Multichannel Voice Activity Detection for ASR

home › theses & projects › Multichannel Voice Activity Detection for ASR

Multichannel Voice Activity Detection for ASR

Status

Finished

Type

Master Thesis

Announcement date

12 Mar 2014

Student

Florian Iglisch

Mentors

Martin Hagmüller
Juan Andrés Morales Cordovilla

Research Areas

Speech Communication

The European Project `Distant-speech Interaction for Robust Home Applications’ (DIRHA) aims to create a system to control a house, using a network of microphones, with German voice commands. Three important parts of this project are: the automatic speech recognizer (ASR), the voice activity detector (VAD) and the speech localizer (SLOC). The Deep-Belief-Network VAD (DBN-VAD) [Zhang2013] is a state-of-the-art VAD and has the ability of fussing many features (pitch, spectrogram, AMS, etc.) to decide if a frame is speech or non-speech. These features can be improved by adding a noise reduction or enhancement stage. For the moment, we are only working with a single-channel signal. The purpose of this master’s thesis is to improve the enhancement, and then the VAD by using spatial information derived from the multi-channel signal [Habib2013]. The final aim is the fusion of the voice activity detector with the source localizer using a pyschoacustical approach [Ma2012].

Your Tasks

Study literature
Obtain baseline results with current VAD and ASR on a simulated database
Improve the VAD using multi-channel information
Implement real-time system in the kitchen-cocktail party room of the SPSC

Your Profile

Speech Communication 1 & 2
Interest in speech recognition and source separation inspired in psycho-acoustical approaches
Matlab
Unix-Shell, HTK is a plus, but not necessary

References

[Zhang2013] X. Zhang and J. Wu. Deep Belief Networks Based Voice Activity Detection. IEEE Transactions on Audio, Speech, and Language Processing, 2013.

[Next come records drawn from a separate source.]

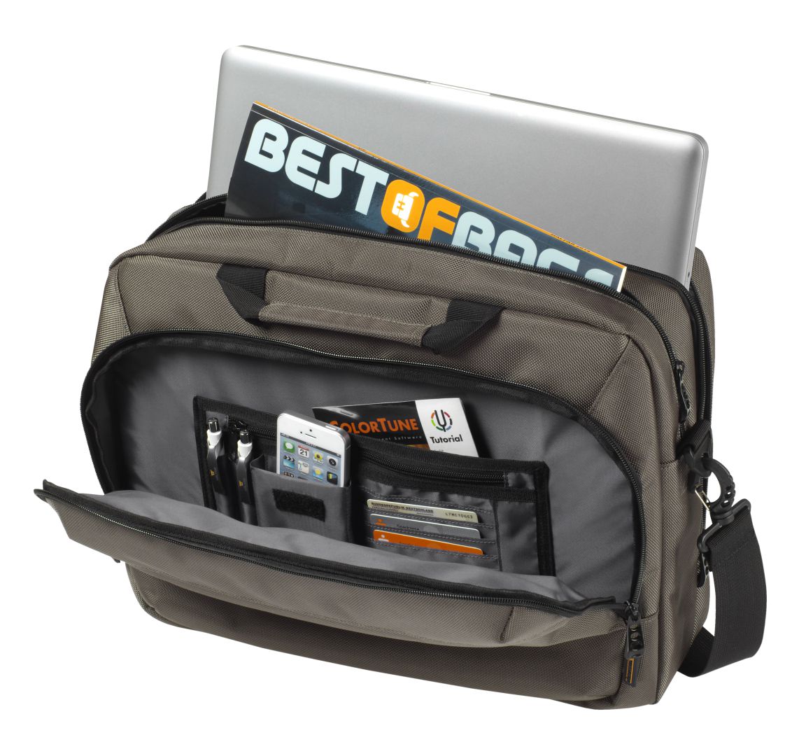 With this bag your stocks are always looking good when it comes to fashion. No matter whether you prefer classical values or unconventional speculation: the MISSION high quality business bag with its timeless, no frills shape and elegantly structured material, is extremely pleasing. The muted colours radiate in a reserved way and the outstanding practical qualities of this business bag are revealed during use. A lot can be stowed away in the cushioned main pocket, the notebook pocket with support and the main zip pocket with organiser elements. And the handle and shoulder strap ensure that the way up the career ladder is a bit more comfortable.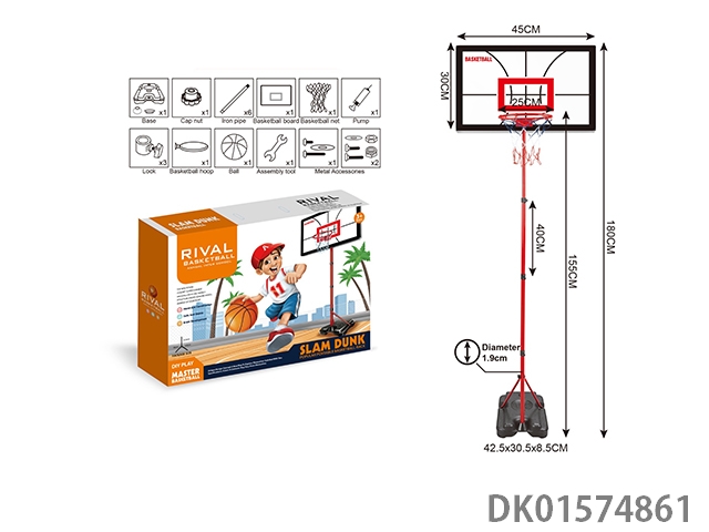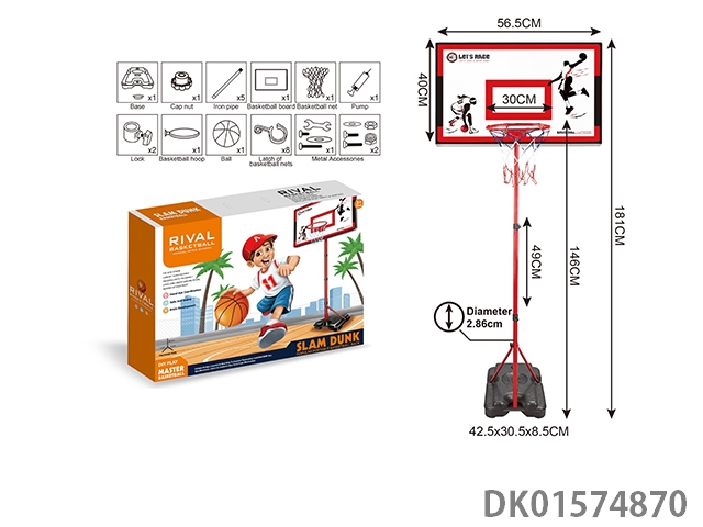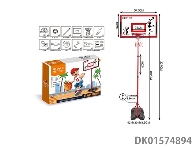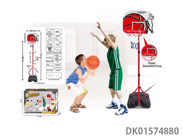 塑料框立式篮球架 二节铁管+四方脚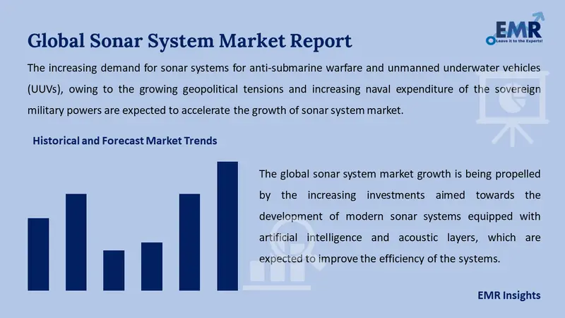 The key trends in the market include the increasing accessibility of sonar systems, and rising investments aimed towards the development of modern sonar systems equipped with artificial intelligence and acoustic layers.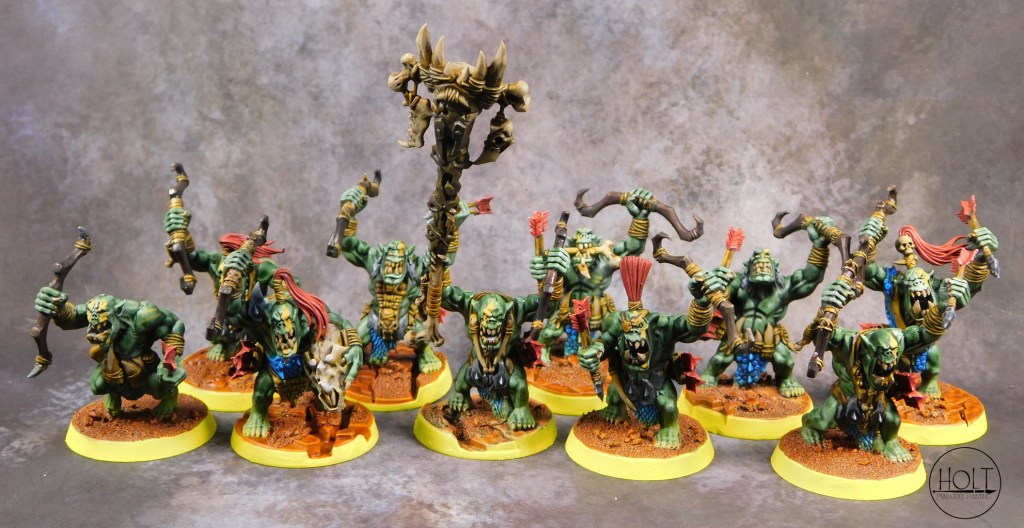 Games Workshop Warhammer Age of Sigmar Orruk Warclans: Savage Orruk Army painted on commission at a Tier 1.5 level.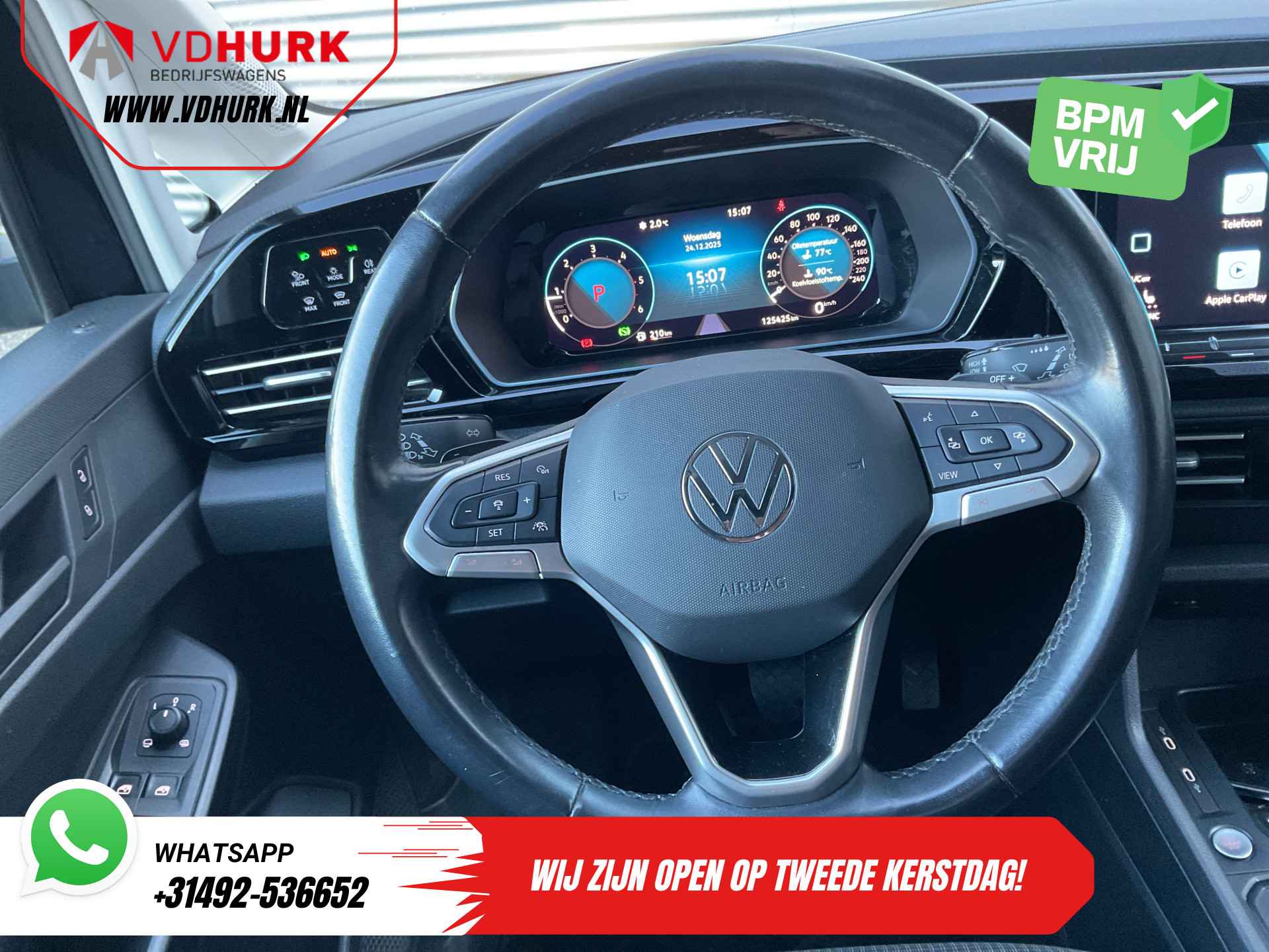 *BPM vrij is alleen van toepassing voor ondernemers* Nederlandse First Edition Volkswagen Caddy Cargo 2.0 TDI DSG automaat met 125 pk! Is voorzien van o.a: - 1st Edition - Nederlandse auto - LED verlichting voor + achter - Carplay / Android auto - Adaptive cruise control - Virtual cockpit - Stoelverwarming bestuurder + passagier - Climate control - Navigatie - Camera - Parkeersensoren voor + achter - 18” Lichtmetalen velgen - Bumpers in carrosserie kleur - Verwarmde voorruit - Verwarmde achterruit - Keyless start - Keyless entry - Elektrisch verstelbare lendesteunen - Lederen stuurwiel - Trekhaak - 1.500 kg trekvermogen - DAB - Schakelmogelijkheid aan stuur - Parkeer assistent - Uitwijk assistent - Betimmering - Laadvloer - Passagiers airbag - Zij airbags - Enz. Volledige historie aanwezig, laatste beurt gehad op 28-10-2025 bij 122.426 kilometers. 2 sleutels aanwezig Kortom de Volkswagen Caddy voor uw dagelijkse werkzaamheden. .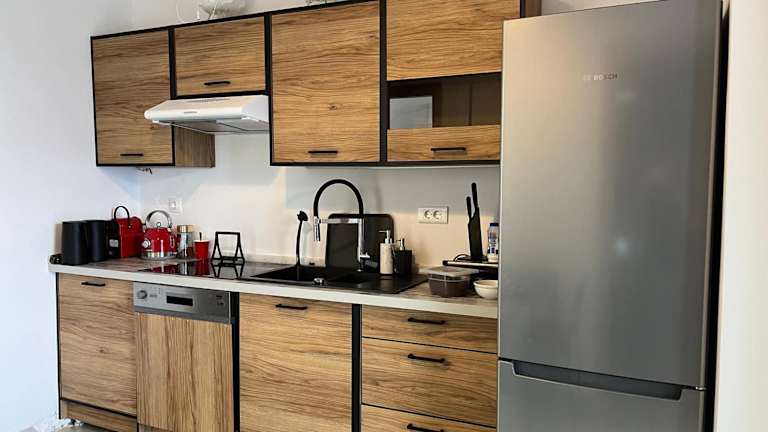 Die Unterkunft ist mit einer Küche ausgestattet, die über einen Kühlschrank, einen Geschirrspüler und einen Ofen verfügt.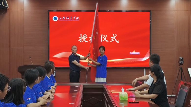 启动仪式的第三部分是书记给团队学生代表授旗。书记将一句句嘱托和信任承载在旗帜上,将这面大旗授予我们。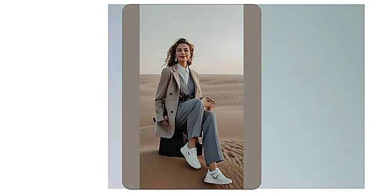 It’s a fun twist on the classic “old money” aesthetic, proving that you can be elegant and effortlessly cool at the same time. This outfit totally reinvents the idea of what it means to be stylish – it’s all about mixing unexpected pieces and having fun with your fashion. Who knew a desert backdrop would be the perfect setting to show off a sophisticated yet surprisingly comfy outfit? This look is giving us major inspiration to embrace comfort and elegance wherever life takes us.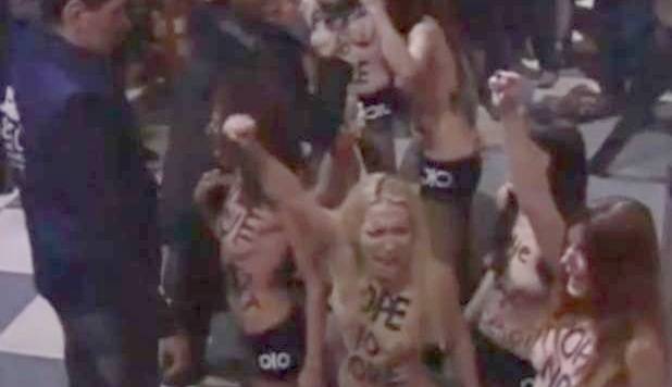 Le otto femministe volevano ‘festeggiare l’addio del Papa‘. All’inizio le dimostranti facenti parte del gruppo ucraino erano mescolate alla folla e nascoste da lunghi cappotti; una volta giunte però nelle vicinanze delle nuove campane provvisoriamente esposte nella navata, le donne hanno tolto gli indumenti; poi hanno estratto dei pezzi di legno che sono serviti loro per percuotere le campane urlando ‘Pope no more‘.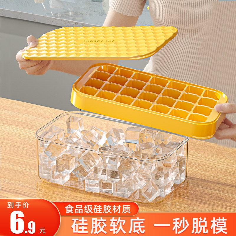 按压冰块模具冰格制冰盒带盖食品级冻冰块模型自制冰箱冻冰块神器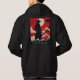 Ilustração de um carregando de samurai uma espada contra fundo de lua, com escrevendo em japonês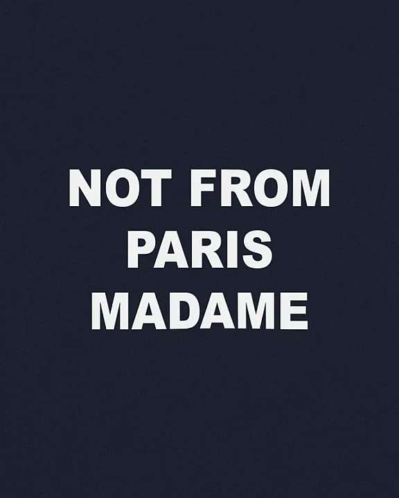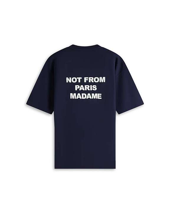 The Slogan tee. Made of 100% cotton interlock fabric, this navy t-shirt features a ribbed neckline and the 'Not from Paris Madame' slogan printed front and back.

[Habib2013] T. Habib and H. Romsdorfer. Auditory inspired methods for localization of multiple concurrent speakers. Computer Speech & Language, 2013.

[Ma2012] N. Ma, J. Barker, H. Christensen and P. Green. Combining speech fragment decoding and adaptive noise floor modelling, IEEE Transactions on Audio, Speech, and Language Processing, 2012.